The video itself is gaudy. It follows fashion trends with flashy clothes, fancy background and fabulous body language and facial expressions by the young Hafiz. Whereas movies and music are generally put down for fahashi (lewdness), it offers a “halal” version of all that glitter, pomp and show. It’s perhaps similar to the creation of tofu-based imitation pork or rather halal meat where animals are poorly treated in suffocating cages and kept in abysmal living conditions but all of that gets washed away by the recitation of the kalima at the time of slaughter.

Finally, another issue that arises from the video is the positioning of Muslim ethics against loose morals. This is relevant in religious places that impose an undue burden through a prohibition on masturbation. A whole generation of Pakistani men has grown up imbibing intense guilt to the point that they have qualms well into their 40s and 50s on a very private individual act. Indeed, there are Pakistani men who struggle to get married soon to avoid the guilt that arises from this private act, as no other act, not even eating non-halal jhatka (non-ritually slaughtered) meat, elicits the same level of OCD behaviour, guilt and shame as the act of masturbation.

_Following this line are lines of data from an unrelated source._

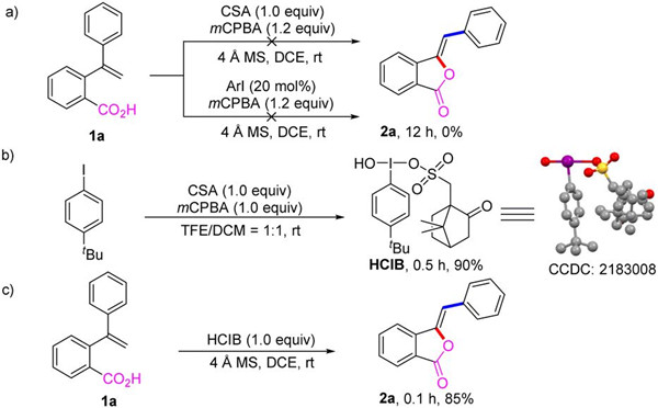 为了验证这种转化的反应机理,课题组在控制实验中对催化剂芳基碘苯和活化剂樟脑磺酸对该转化发生的必要性进行了验证,结果证明二者任何一种的缺失都会抑制该转化。并且通过便捷的一锅法合成了高价碘化合物 HCIB,并对其结构进行了 X-ray 晶体衍射表征;同时应用于反应底物 1a 的结果证实了介导该转化发生的关键物质正是反应体系中原位生成的 HCIB。
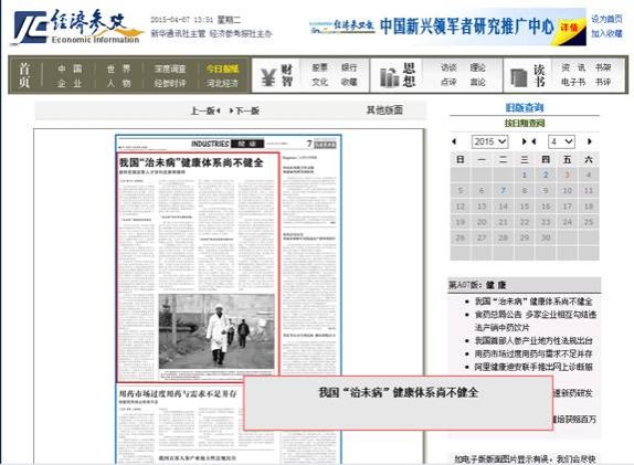 五是尽快建立全国性的“治未病”信息网络。吴节建议,“治未病”涉及健康档案的管理、慢病防控等多个环节,过程漫长,亟待建立一个数据完善、共享畅通的信息化体系和平台。
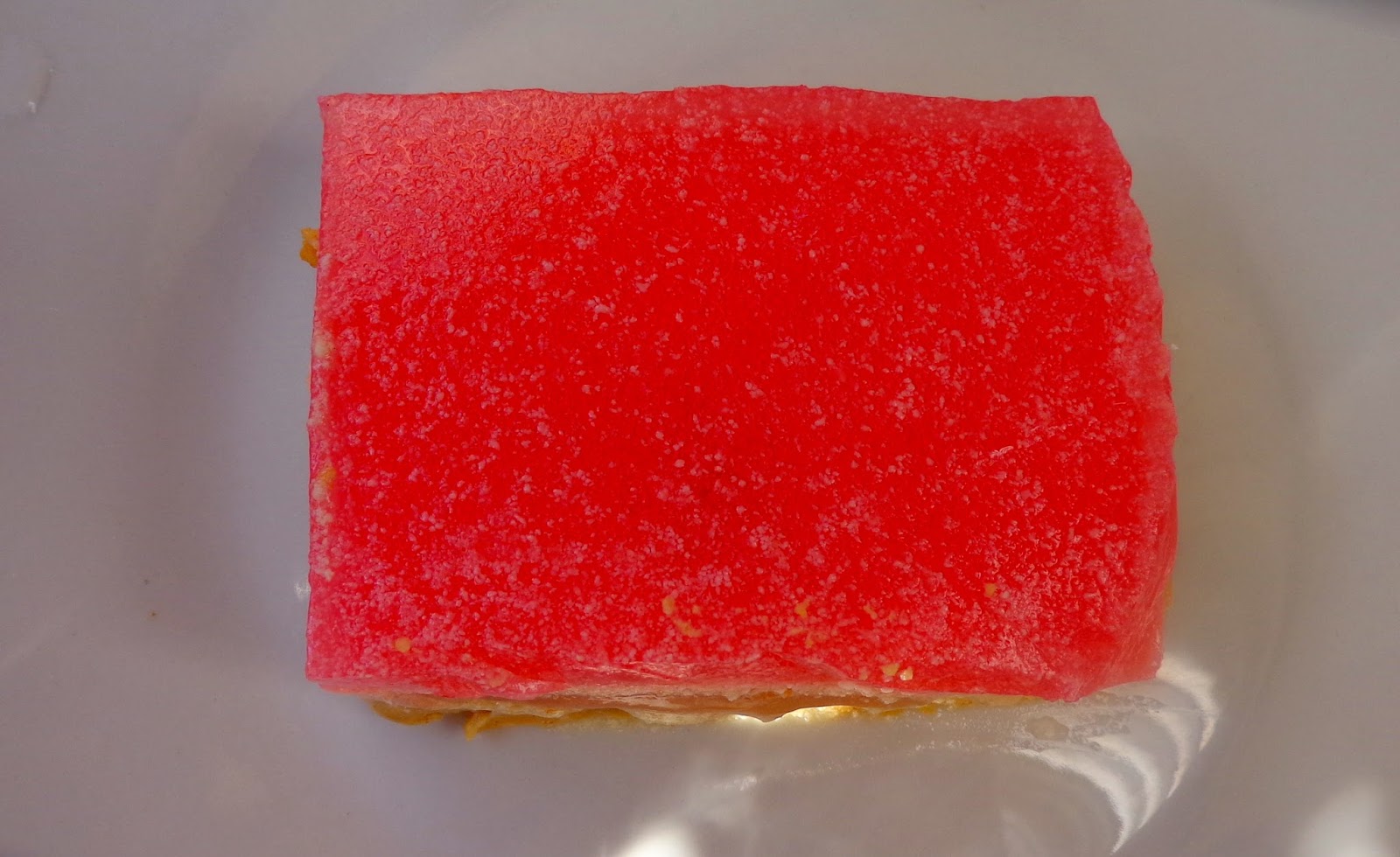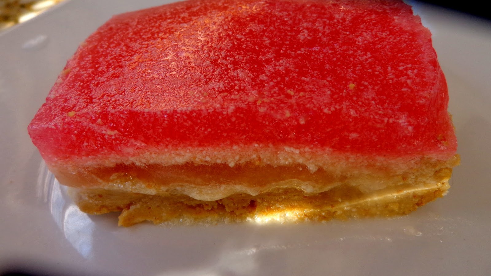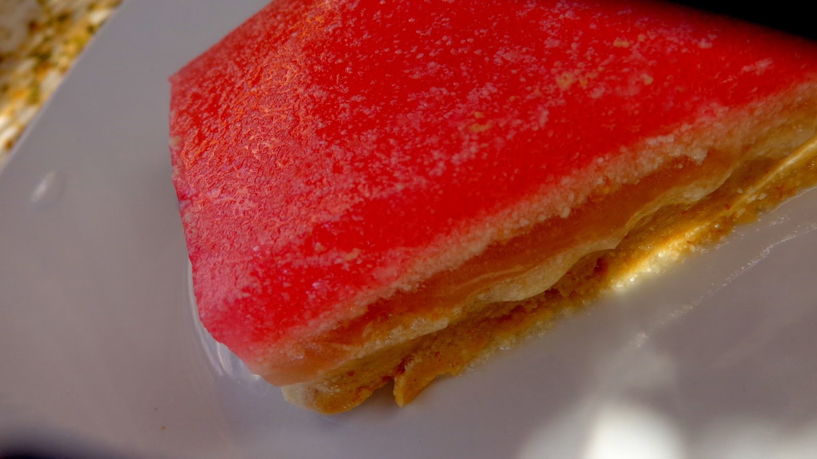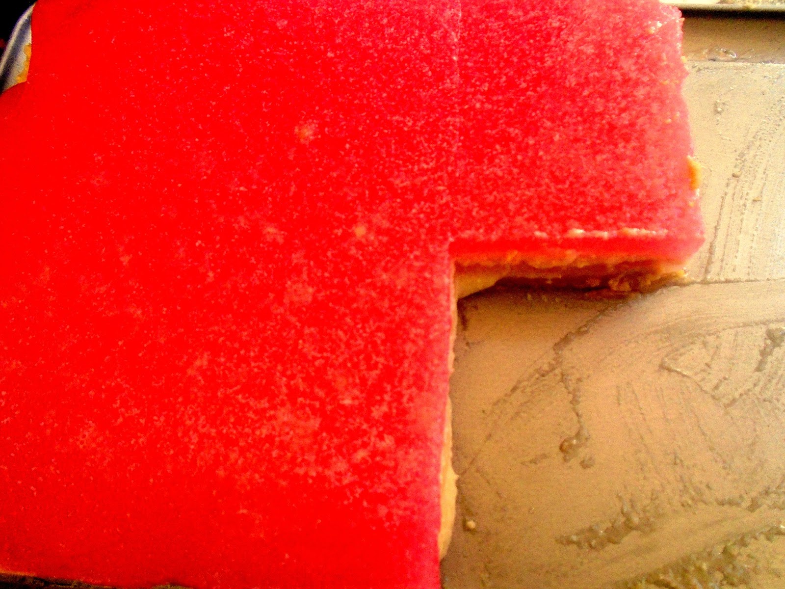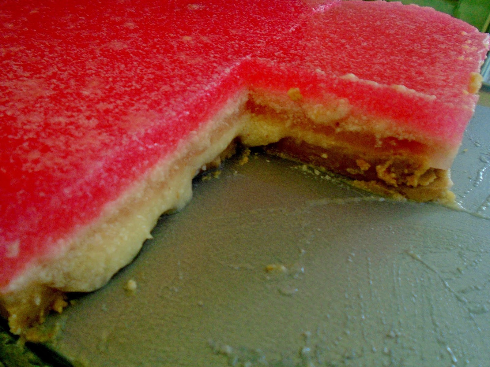Το αφήνουμε να κρυώσει λίγο και με την βοήθεια μιάς κουτάλας όχι κατ ευθείαν ( θα τρυπήσει την κρέμα) το ρίχνουμε ομοιόμορφα επάνω από την κρέμα

Yet, such guilt is unwarranted as there are juristic opinions by Ibn Hanbal (d. 855) that treats the act casually as akin to bloodletting or by Ibn Hazm (d. 1064) who referenced the opinions of several Companions and the tabiun (successors) that showed no issues with it or even advised youth to use it as a deterrent to committing fornication. In contemporary times, even if Pakistanis, with all their prejudice and contempt, ignore the opinion of Ghamidi who linguistically shows that the hifz furuj (protection of private parts) in verses 23:5-6 have no bearing on the permissibility of masturbation, they have to contend with the Arab scholar al-Turayri, who states that guilt and distaste cannot be used as evidence for prohibition. Additionally, Imam Habeeb Alli’s book Intimacy and the Sacred upholds the same permissibility position. But it seems, given the emphasis on an anti-West narrative, especially on the sexual mores front, the time is still not ripe for Pakistanis to overthrow the prohibition narrative on this act. Therefore, the usual quack businesses that prey on guilt-ridden youth and men based on their posters on “jawaani ki ghalatiyan” (indiscretions of youth) may continue to flourish unabated.

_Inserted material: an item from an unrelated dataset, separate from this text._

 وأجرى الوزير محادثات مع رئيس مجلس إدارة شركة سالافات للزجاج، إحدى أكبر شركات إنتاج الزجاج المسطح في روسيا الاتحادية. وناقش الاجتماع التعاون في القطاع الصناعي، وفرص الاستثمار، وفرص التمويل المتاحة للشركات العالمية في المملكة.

In a nutshell, religious groups and organisations are like any other corporate entities where material gains and not “piety” drive their actions and narratives. The gaudy video by the young Hafiz is only a small addition in a long line of similar materialistic endeavours that rest less on Islamic values and more on offering an “Islamic” version of the flashy, trendy and the gaudy. In this regard, an interesting investigation would allow one to highlight the net worth of popular televangelists and religious organisations as they amass tremendous material benefits by catering to the insecurities of the masses. To echo the Qur’an, for YouTube likes, shares and gains, the religious entrepreneurs are only abasing and selling Islam for a paltry price.